Material for this task
Content starts

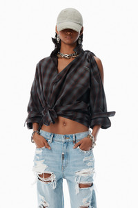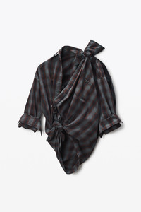 This red cotton plaid shirt features a twisted design with a stylized knot at the side and cold-shoulder detail. It includes a logo-embroidered chest pocket, pre-styled cuffs, and fastens with a button placket. - point collar - long sleeves, pre-styled cuffs - button placket - body composition: 100% cotton - made in china - model is 5’11" and wears a size 4 - 1WC3251090933 composition Body: 100%COTTON
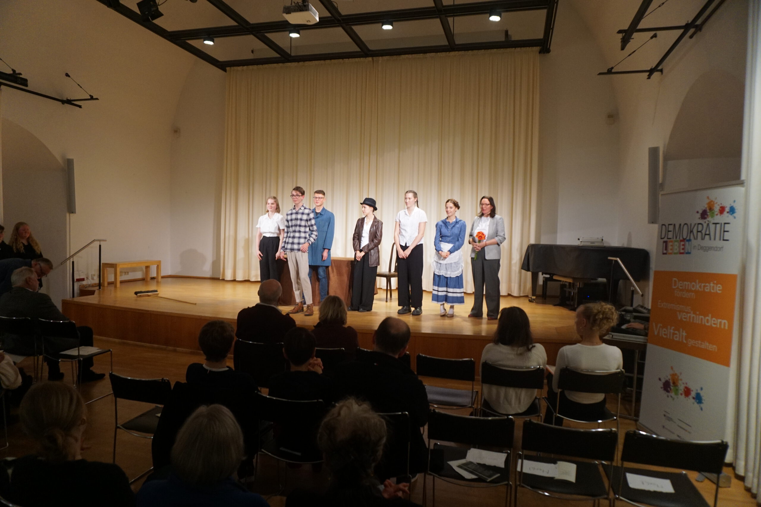 „Nichts ist schöner als die Freiheit des Gedankens“ – dieser Satz von Alexander Schmorell, Teil der Widerstandsgruppe „Weiße Rose“ gegen das NS-Regime im Zweiten Weltkrieg, lässt die schweren inneren Kämpfe nur erahnen, die ein Mensch in sich trägt, wenn diese Freiheit der Gedanken sich nicht vereinbaren lässt mit den äußeren Zwängen, die ein „freies“ Handeln nur sehr schwer möglich machen. Mit diesem Widerspruch befasst sich auch das Theaterstück „Wie sie den Himmel verdunkeln“ von Jörg Neugebauer und Elvira Lauscher, das das Umfeld und die Hauptfiguren der „Weißen Rose“ näher beleuchtet. Das Oberstufentheater des Robert-Koch-Gymnasiums unter der Regie von OStRin Susanne Loring hat sich, unterstützt vom P-Seminar „Rund um Theater und Film“ und der Technikgruppe des Gymnasiums, dieses ernsten, aber nichtsdestoweniger bis heute relevanten Stoffes angenommen. Nach der Premiere im letzten Jahr an der Schule erfolgte nun eine weitere Aufführung im Kapuzinerstadl in Deggendorf, zu der Ursula Keßler von der Initiative „Demokratie leben in Deggendorf“ und Susanne Loring die interessierten Zuschauer herzlich begrüßten. Veranstaltet wurde der Theaterabend neben dem Robert-Koch-Gymnasium vom Kinderschutzbund Deggendorf-Plattling e.V. im Rahmen der Veranstaltungsreihe der „Wochen der Begegnung“ der Stadt Deggendorf.
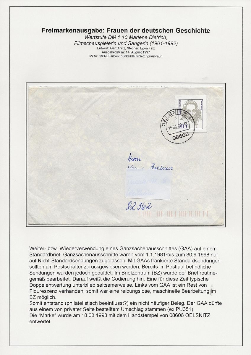 Man kann sich fragen, warum das verboten wurde, denn einen Schaden hat die Post ja nicht davon. Sie hat das Geld fürs Porto bekommen und die Ganzsache ist futsch und braucht nicht mehr von der Post befördert zu werden.
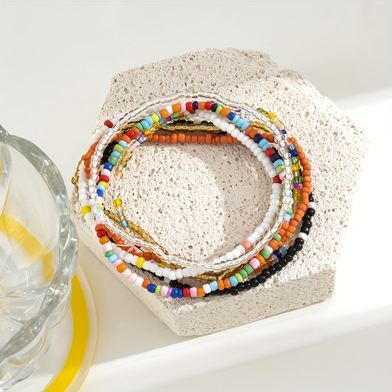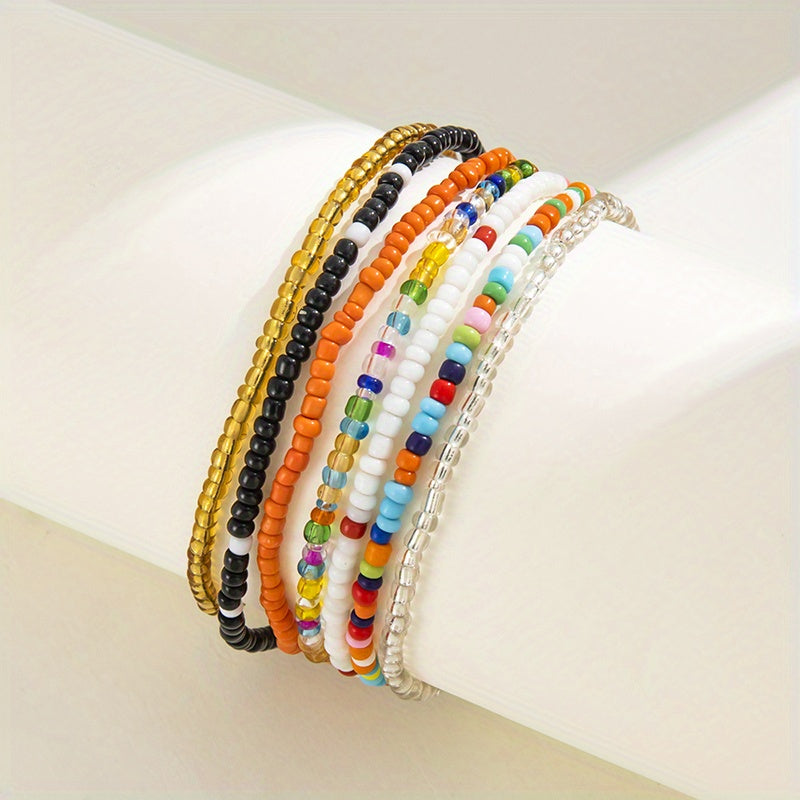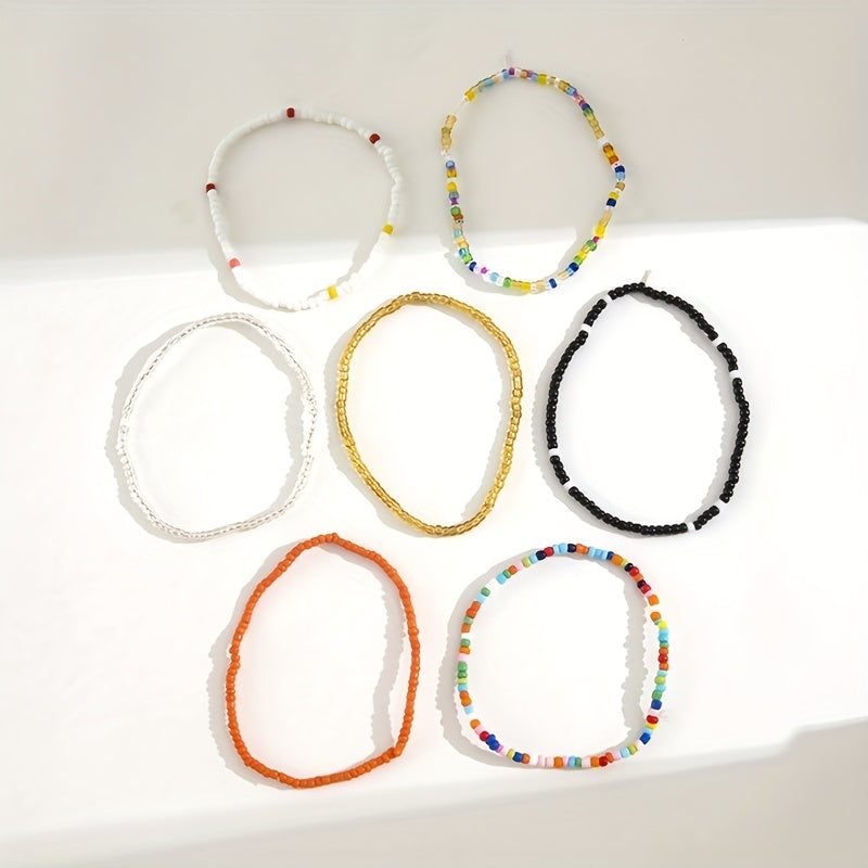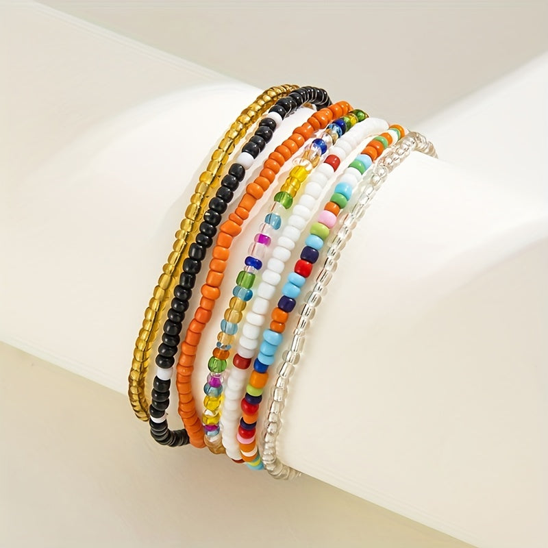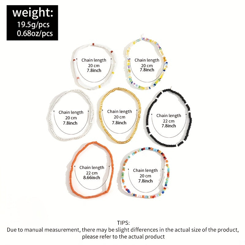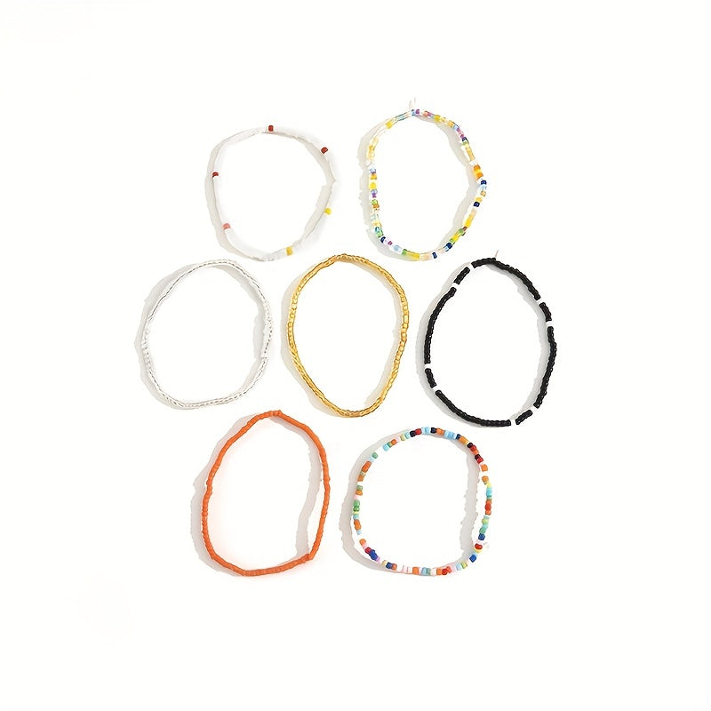 Enjoy the bohemian vibe with this set of 7 stackable ankle bracelets featuring colorful beads and charms. Perfect for adding a touch of free-spirited style to your look.
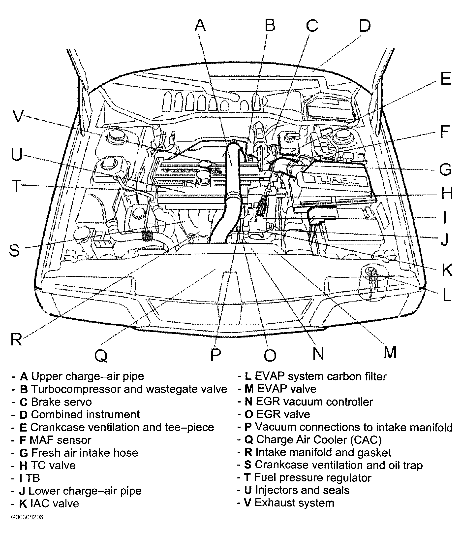 - Check components (A-V). See Fig 2. Check connectors (A-G). See Fig 3. If leak is suspected, spray soap solution onto area of suspected leak to find where air is escaping from. Repair as necessary.
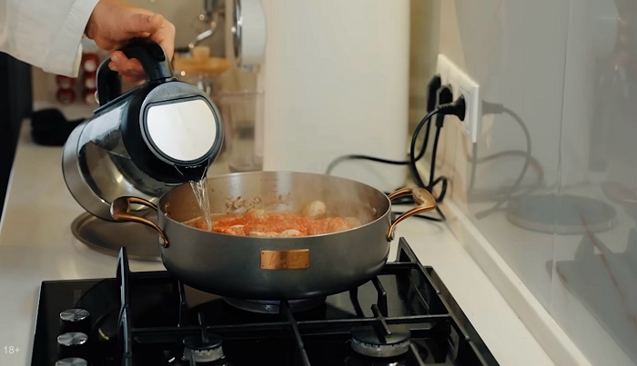 Теперь добавим протертых томатов с небольшим количеством воды, немного сахара, доводим до кипения и томим в течение 3-5 минут. -
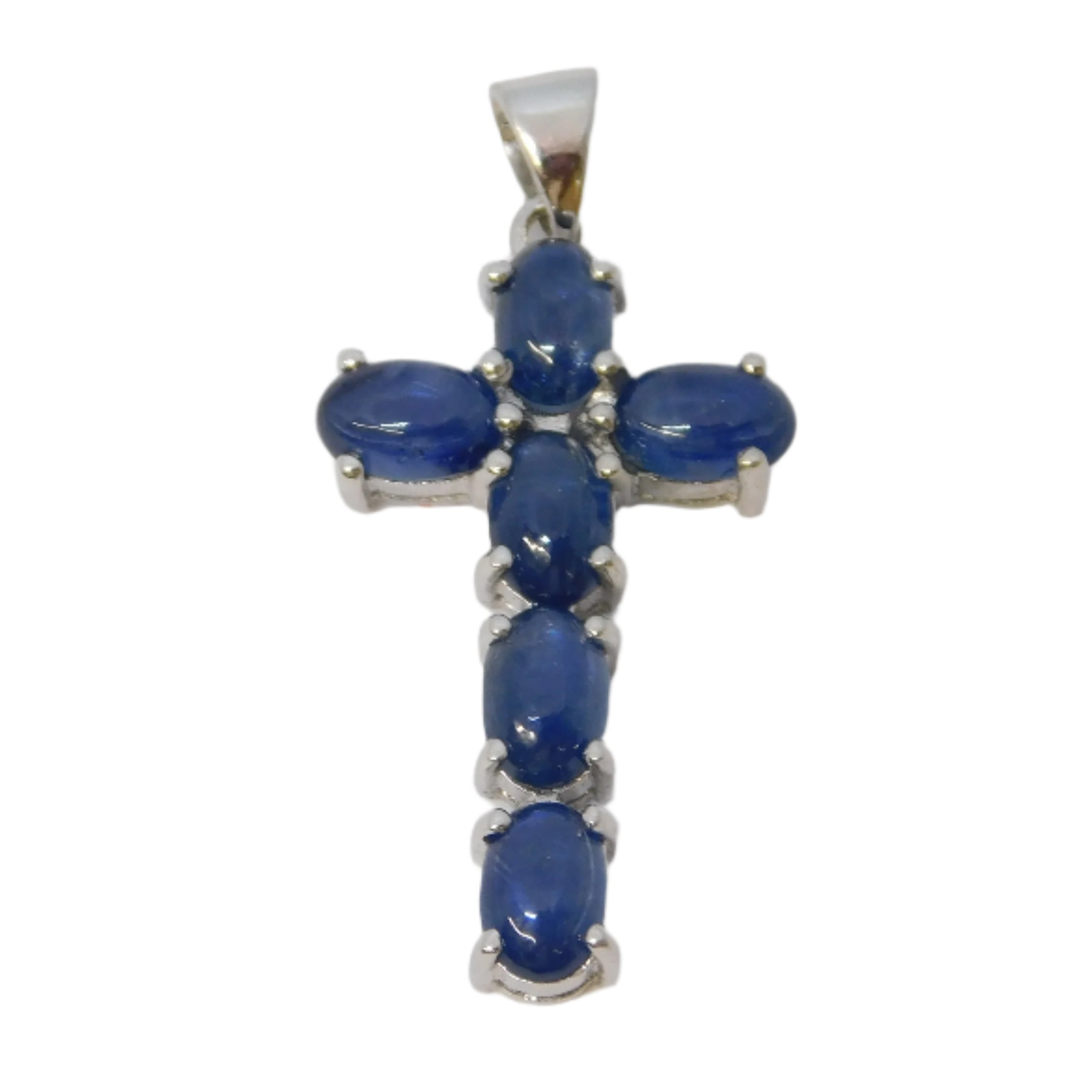 9ct White Gold Cabochon Cut Sapphire Cross Pendant Vintage c1990 Birmingham

Content ends

What you need to do
Leaving the images out, print the records above exactly.

Response
 This red cotton plaid shirt features a twisted design with a stylized knot at the side and cold-shoulder detail. It includes a logo-embroidered chest pocket, pre-styled cuffs, and fastens with a button placket. - point collar - long sleeves, pre-styled cuffs - button placket - body composition: 100% cotton - made in china - model is 5’11" and wears a size 4 - 1WC3251090933 composition Body: 100%COTTON
 „Nichts ist schöner als die Freiheit des Gedankens“ – dieser Satz von Alexander Schmorell, Teil der Widerstandsgruppe „Weiße Rose“ gegen das NS-Regime im Zweiten Weltkrieg, lässt die schweren inneren Kämpfe nur erahnen, die ein Mensch in sich trägt, wenn diese Freiheit der Gedanken sich nicht vereinbaren lässt mit den äußeren Zwängen, die ein „freies“ Handeln nur sehr schwer möglich machen. Mit diesem Widerspruch befasst sich auch das Theaterstück „Wie sie den Himmel verdunkeln“ von Jörg Neugebauer und Elvira Lauscher, das das Umfeld und die Hauptfiguren der „Weißen Rose“ näher beleuchtet. Das Oberstufentheater des Robert-Koch-Gymnasiums unter der Regie von OStRin Susanne Loring hat sich, unterstützt vom P-Seminar „Rund um Theater und Film“ und der Technikgruppe des Gymnasiums, dieses ernsten, aber nichtsdestoweniger bis heute relevanten Stoffes angenommen. Nach der Premiere im letzten Jahr an der Schule erfolgte nun eine weitere Aufführung im Kapuzinerstadl in Deggendorf, zu der Ursula Keßler von der Initiative „Demokratie leben in Deggendorf“ und Susanne Loring die interessierten Zuschauer herzlich begrüßten. Veranstaltet wurde der Theaterabend neben dem Robert-Koch-Gymnasium vom Kinderschutzbund Deggendorf-Plattling e.V. im Rahmen der Veranstaltungsreihe der „Wochen der Begegnung“ der Stadt Deggendorf.
 Man kann sich fragen, warum das verboten wurde, denn einen Schaden hat die Post ja nicht davon. Sie hat das Geld fürs Porto bekommen und die Ganzsache ist futsch und braucht nicht mehr von der Post befördert zu werden.
 Enjoy the bohemian vibe with this set of 7 stackable ankle bracelets featuring colorful beads and charms. Perfect for adding a touch of free-spirited style to your look.
 - Check components (A-V). See Fig 2. Check connectors (A-G). See Fig 3. If leak is suspected, spray soap solution onto area of suspected leak to find where air is escaping from. Repair as necessary.
 Теперь добавим протертых томатов с небольшим количеством воды, немного сахара, доводим до кипения и томим в течение 3-5 минут. -
 9ct White Gold Cabochon Cut Sapphire Cross Pendant Vintage c1990 Birmingham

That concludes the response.